Да, он слышал, но подняться сам был уже не в состоянии. Трудно было в этом избитом, обессиленном, но живом ещё человеческом существе узнать красного командира, бывшего начальника штаба армии, бывшего преподавателя военной академии Михаила Степановича Шмелёва. Советская власть никогда его особенно не любила, хотя он всегда честно служил ей, воевал за неё на фронтах гражданской войны, побеждал для неё и сделал очень многое для превращения Красной Армии из неорганизованной и озлобленной вооружённой толпы в дисциплинированную, эффективную боевую силу молодой республики. Его преданность и усилия были так необходимы в военное время, но, оказалось, что заслуги его мало что стоили, когда угроза уничтожения большевистской власти стала не так актуальна.
Первый раз Шмелёва арестовали в двадцатом году сразу после бездарно проигранной польской кампании. Тогда многие бывшие офицеры, служившие в Красной Армии, были наказаны за чужие ошибки и чужое поражение. В двадцатом году Шмелёва от чекистской пули спас Фрунзе. Казалось, что опасность благополучно миновала, Шмелёв получил новое высокое назначение, а с окончанием гражданской войны стал преподавателем в военной академии.
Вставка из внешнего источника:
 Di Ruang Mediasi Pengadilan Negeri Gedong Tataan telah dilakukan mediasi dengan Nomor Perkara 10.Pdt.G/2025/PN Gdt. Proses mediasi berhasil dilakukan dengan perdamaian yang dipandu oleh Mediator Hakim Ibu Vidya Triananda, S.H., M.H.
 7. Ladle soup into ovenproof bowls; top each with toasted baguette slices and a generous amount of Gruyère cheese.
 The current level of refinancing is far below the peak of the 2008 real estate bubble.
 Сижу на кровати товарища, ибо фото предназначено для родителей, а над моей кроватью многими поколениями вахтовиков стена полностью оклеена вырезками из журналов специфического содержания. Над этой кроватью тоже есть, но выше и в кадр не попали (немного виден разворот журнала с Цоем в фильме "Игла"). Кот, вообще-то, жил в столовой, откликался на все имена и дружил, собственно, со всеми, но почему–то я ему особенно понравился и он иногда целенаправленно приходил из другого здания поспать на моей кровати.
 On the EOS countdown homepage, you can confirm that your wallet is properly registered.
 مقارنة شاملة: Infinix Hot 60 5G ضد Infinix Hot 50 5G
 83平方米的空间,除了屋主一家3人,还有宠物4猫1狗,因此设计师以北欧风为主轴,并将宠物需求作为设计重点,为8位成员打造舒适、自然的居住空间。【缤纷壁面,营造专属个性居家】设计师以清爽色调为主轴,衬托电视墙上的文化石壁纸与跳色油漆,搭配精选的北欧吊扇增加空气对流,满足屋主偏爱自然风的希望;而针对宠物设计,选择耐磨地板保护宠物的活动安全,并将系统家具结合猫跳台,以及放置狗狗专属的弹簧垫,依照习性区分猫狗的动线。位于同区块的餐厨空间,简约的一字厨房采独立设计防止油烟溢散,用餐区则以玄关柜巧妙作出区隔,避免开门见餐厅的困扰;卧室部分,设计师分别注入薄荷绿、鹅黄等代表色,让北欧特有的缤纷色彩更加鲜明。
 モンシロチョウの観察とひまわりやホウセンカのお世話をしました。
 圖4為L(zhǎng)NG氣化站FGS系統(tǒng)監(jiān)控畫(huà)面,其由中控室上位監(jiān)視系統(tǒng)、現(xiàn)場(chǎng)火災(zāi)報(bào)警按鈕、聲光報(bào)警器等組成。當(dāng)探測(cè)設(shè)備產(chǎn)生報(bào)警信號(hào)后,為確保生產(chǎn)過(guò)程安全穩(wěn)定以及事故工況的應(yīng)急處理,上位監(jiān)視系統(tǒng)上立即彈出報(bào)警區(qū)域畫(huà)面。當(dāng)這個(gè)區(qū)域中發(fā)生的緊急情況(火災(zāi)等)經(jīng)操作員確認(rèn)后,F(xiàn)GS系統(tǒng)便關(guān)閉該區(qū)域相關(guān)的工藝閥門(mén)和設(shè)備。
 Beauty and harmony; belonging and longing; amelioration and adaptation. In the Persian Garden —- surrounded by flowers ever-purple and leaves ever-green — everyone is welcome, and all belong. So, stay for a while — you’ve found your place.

Но, видно, Советская власть ничего и никого не забыла, и в конце двадцатых годов, когда повсеместно стали раскрываться «заговоры» бывших царских офицеров, вспомнили и о Шмелёве…
Его грубо подняли и посадили на табурет. Один глаз заплыл синяком, второй стеклянным, смертельно усталым взглядом упёрся в край стоявшего напротив стола следователя, губы потрескались и опухли, ими очень трудно было шевелить, выдавая бубнящую словесную кашицу. Следователь находился где-то там, в темноте угла, позади яркого, слепящего электрического шара лампы.
– Гражданин Шмелёв, будем признаваться в контрреволюционной деятельности или продолжим упорствовать? – сквозь мерное покачивание ослабевшего сознания донесся глухой голос следователя.
– Мне… мне нечего вам добавить, – почти шёпотом медленно проговорил красный военспец Шмелёв, вновь и вновь как заклинание повторяя уже сказанное ранее.
Сзади лязгнула металлическая дверь, быстро промелькнуло красноватое, в следах от оспы лицо, на мгновение попавшее в круг света, – это следователь поспешно поднялся с места, приветствуя кого-то старшего по званию. Вошедший медленно обошёл Шмелёва и остановился прямо перед ним. Низенький, темноволосый с ранней проседью на висках перед Шмелёвым стоял Яков Соломонович Фридовский.
– Ну что, молчит? – спросил Фридовский, смотря прямо на Шмелёва, но обращаясь к следователю.
– Молчит, товарищ комиссар, – с сожалением признался следователь.
Фридовский, скрипя сапогами, неспешно прошёлся по камере и прислонился к столу следователя. Начал он спокойно и даже сочувственно.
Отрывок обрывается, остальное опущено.